Well that all depends on how much ground/water you want to cover. How many spots can you put a 280 or a 330. If you have the option to check or scout out the area before open water begins you would have a better idea of how many traps to pack in or what would work best for a certin situation. Kinda like pre season scouting for K-9's but all in all it depends on the location weither it be a river or a beaver pond you are trapping.

When im setting on a river IMHO I try to set with all long spring on a drowner with a feed bag filled with rocks for the drowner, light to pack them in and there is always rocks around. 
On a beaver pond/dam I use both. Drowners around the pond set up with castor mounds seems to always pick up more beavers for me but I always set a few conis also. #1 is the entering point of the house/lodge (check you regulations) but you will also pick up the small beavers too, depends on if you are trying to get rid of all or just the adults. Conis also work good on the dam where the water exits, there is always water going out somewhere and if you can find it and set on it you WILL catch beavers there and also the ocasional otter too. Good bonus if caught while the season is open.

This is just my opinion and others will agree or dissagree but if im trying to leave seed for next year I always try to set as far away from the house as possible. Get the big beavs and when you start picking up smaller ones pull the traps.


----------



## U.P. trappermark (Jul 4, 2010)

As for how many trap, it hard to say without seeing the area. 
But most of all, have fun.


----------



## Beaverhunter2 (Jan 22, 2005)

There's a lot to talk about when it comes to Spring Beaver Trapping- too much to put in a post. I'll hit a few high spots and (assuming the ice melts before season ends), I'd be happy to take you out if you want to go. I trap the Holly-Rose Center-Lake Orion-Ortonville Area so I'm east of you- but not too far east.

1. 330's will get you started, but the Spring is the time when footholds really shine. A castor mound set with an MB750 and a cable drowner is my mainstay when the ice goes out.

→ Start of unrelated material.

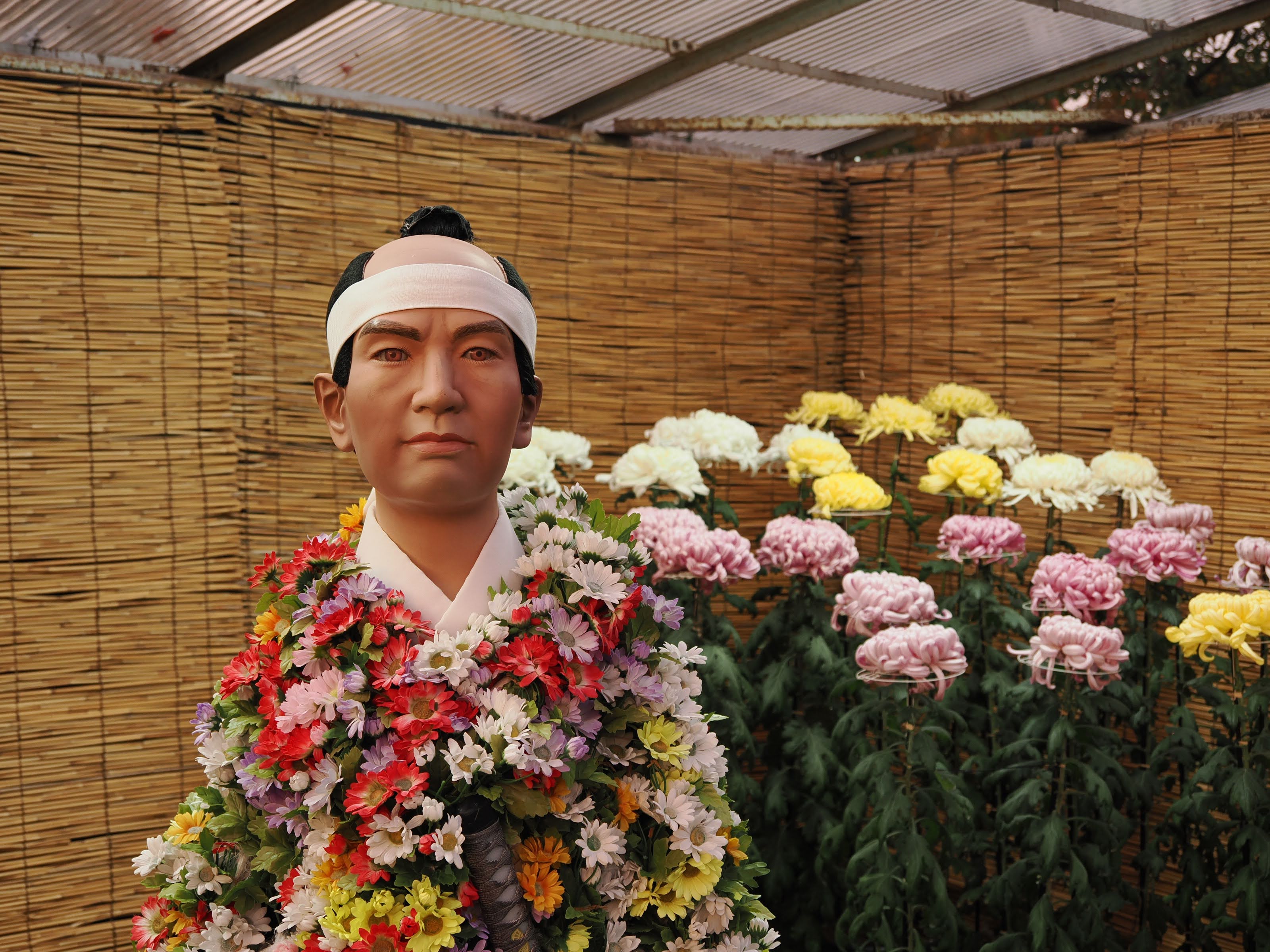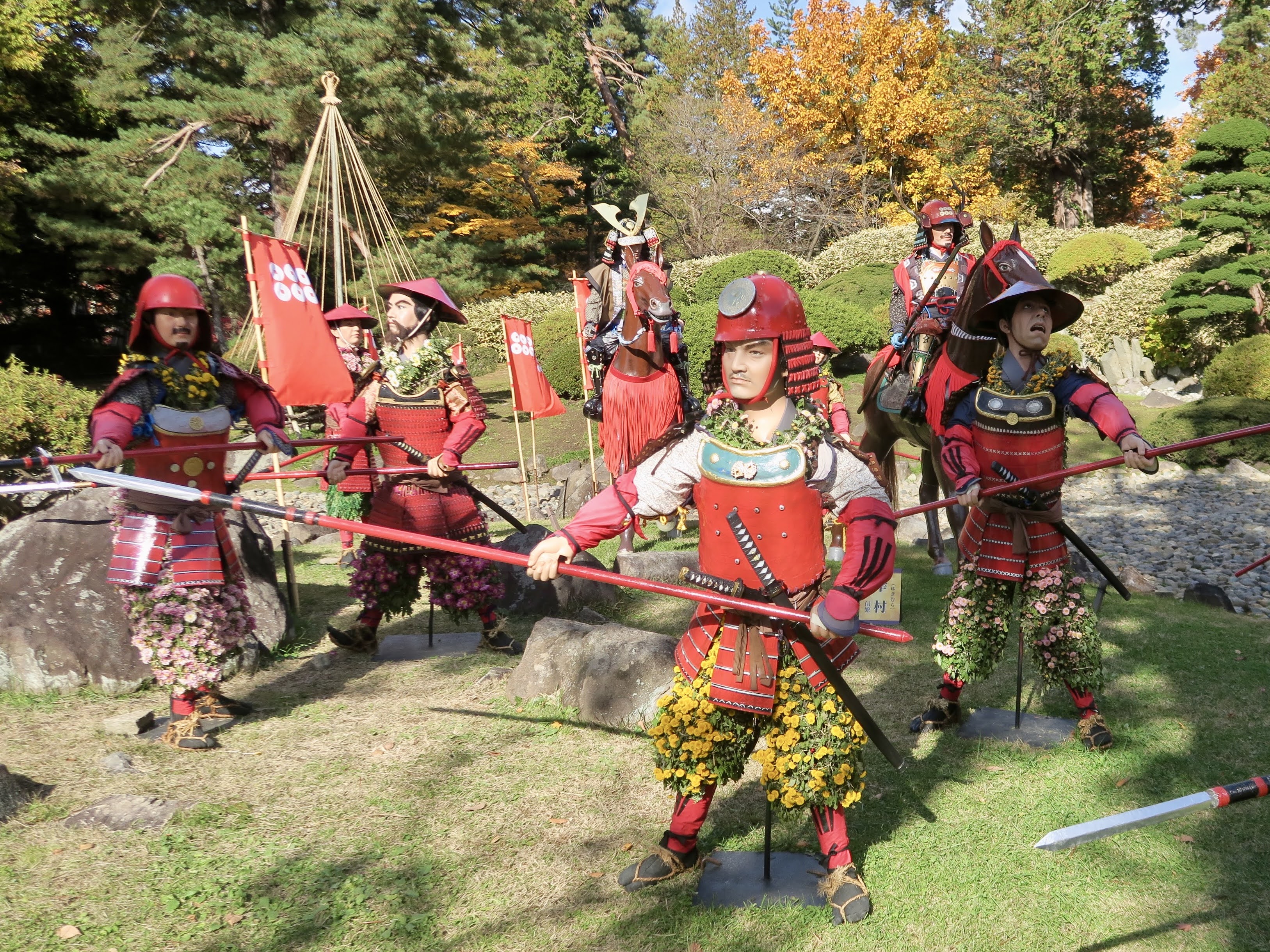 見たことが無い方に説明しますと、等身大より二回りくらい小さいマネキン人形に、菊で着物や鎧を描いて、大河ドラマや津軽の歴史の場面を展示していたものです。
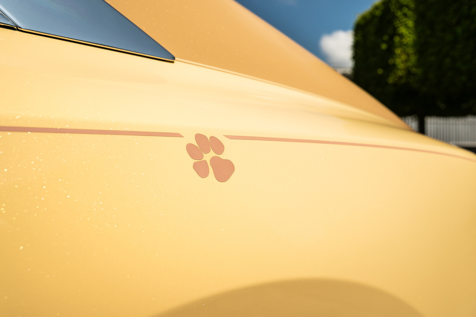 A second-smaller tribute to Bailey is positioned on the passenger side of the dashboard, again featuring a recreation of his paw print, which has been engraved on the Rose Gold scuff plates.

2. There's lots of good beaver lures out there but some are definitely better than others. A few of my castor-based favorites are Dobbin's Backbreaker, Caven's Timber, Kaatz Bros.'s Beaver Lure, Otter Creek's Blanketmaker, and a lure I make myself we call "Magic Mud". The three food/curiosity lures I use are Dobbin's Woodchipper, Wilson's Green Beaver Lure, anbd Caven's Bounty Beaver. The last lure I use is only used as a change-up when they get a little shy- Dobbin's Beaver Plus. By reserving it I can use it's slightly different scent to throw them a curve.

3. You can catch beaver with #3s and #4s- but IMO you want to target the front foot. (Mark and I may disagree here, but that's ok.) If you are buying footholds for beaver- the smallest trap I'd consider is the #4 jump (and these only because you can usually pick them up for about $10 but they have a 7" jaw spread). I strongly recommend that beaver footholds be #5's- either the MB750, the CDR 7.5, or one of the double longsprings. I've caught beaver in traps all the way down to a #1 long, but I lost FAR more beaver in #3s and #4s than I care to imagine. I haven't set anything smaller than a #4 jump for beaver in almost 25 years. Catch and hold one extra beaver and you're money ahead buying a #5s vs a #3 or #4. JMO (BTW, I almost always target the back foot.)

4. If you're making drowners- invest in 1/8" cable. It will last a lot longer than 3/32" and wire is something I haven't used for beaver drowners in many years. If a beaver breaks your wire and is lost, you could have paid for a bunch of cable. (FWIW most of mine are 15' long with a few 10', 20' and 25'.)

5. Sandbags full of rocks and sand make great drowner weights. They take a little while to fill, but if you're only setting a few sets it's no big deal. If you're close to the truck or boat, cinderblocks work well and are quicker. You'll get less pull-outs with a heavy, moveable weight than you will with a deep water stake.

6. Beaver travel a lot in the Spring- especially after a rain. Be sure to relure soon after a rain. You'll be amazed at how your catch can spike the night after it rains if your sets are ready and waiting.

7. Buy Charlie Dobbins' "Beaver and Otter Trapping- Open Water Techniques" and Carl Jones' "Beaver Trapping using Supreme Methods". This will give you quite a boost on the learning curve! F&T will have them. One blanket beaver will cover the cost of the books and you'll catch a lot more than that much sooner if you get them and read them.

Let me know if you want to go out- and pray for warmer temps and a little rain to get rid of the ice. I am- I've spudded enough for one season!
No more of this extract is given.